_Instructions to follow_: Set down, exactly and only, everything from the line containing "1915 9d GV sage-green" down to the line containing "A pair of solid" in the data below; the pictures are not part of the copy.

_Raw data_:
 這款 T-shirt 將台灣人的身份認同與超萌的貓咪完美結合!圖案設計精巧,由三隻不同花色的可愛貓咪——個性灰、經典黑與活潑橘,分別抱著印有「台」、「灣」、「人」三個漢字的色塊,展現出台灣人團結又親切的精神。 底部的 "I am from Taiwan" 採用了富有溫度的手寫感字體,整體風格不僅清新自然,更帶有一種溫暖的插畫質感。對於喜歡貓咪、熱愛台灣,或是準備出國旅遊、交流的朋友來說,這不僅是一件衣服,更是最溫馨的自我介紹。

--

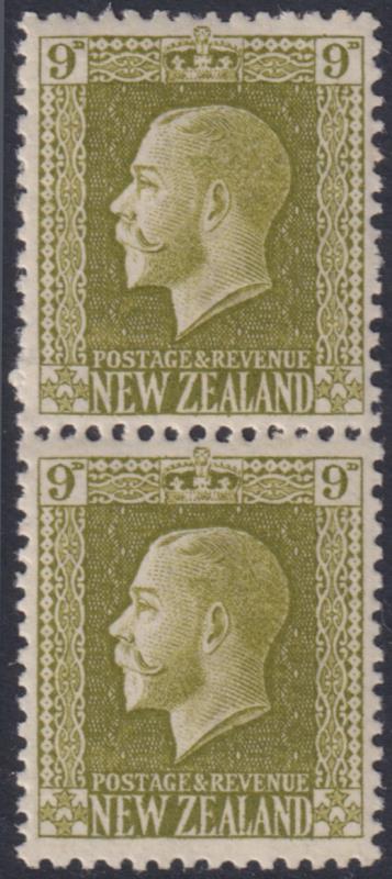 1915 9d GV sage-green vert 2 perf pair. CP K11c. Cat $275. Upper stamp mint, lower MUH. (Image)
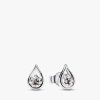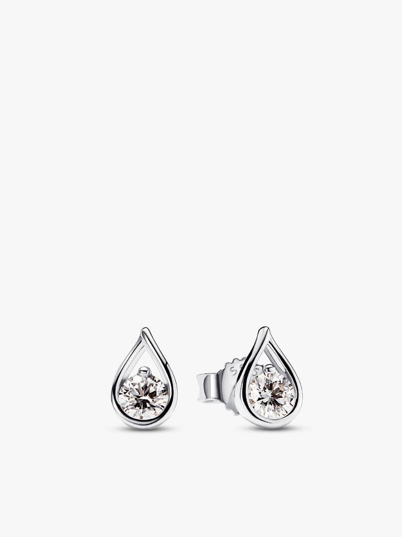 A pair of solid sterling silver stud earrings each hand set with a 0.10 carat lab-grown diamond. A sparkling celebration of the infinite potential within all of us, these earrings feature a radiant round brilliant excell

==

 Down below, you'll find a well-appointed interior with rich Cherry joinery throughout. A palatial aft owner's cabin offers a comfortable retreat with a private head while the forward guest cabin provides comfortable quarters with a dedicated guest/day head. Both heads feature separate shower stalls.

_Result of this task_:
 1915 9d GV sage-green vert 2 perf pair. CP K11c. Cat $275. Upper stamp mint, lower MUH. (Image)
 A pair of solid sterling silver stud earrings each hand set with a 0.10 carat lab-grown diamond. A sparkling celebration of the infinite potential within all of us, these earrings feature a radiant round brilliant excell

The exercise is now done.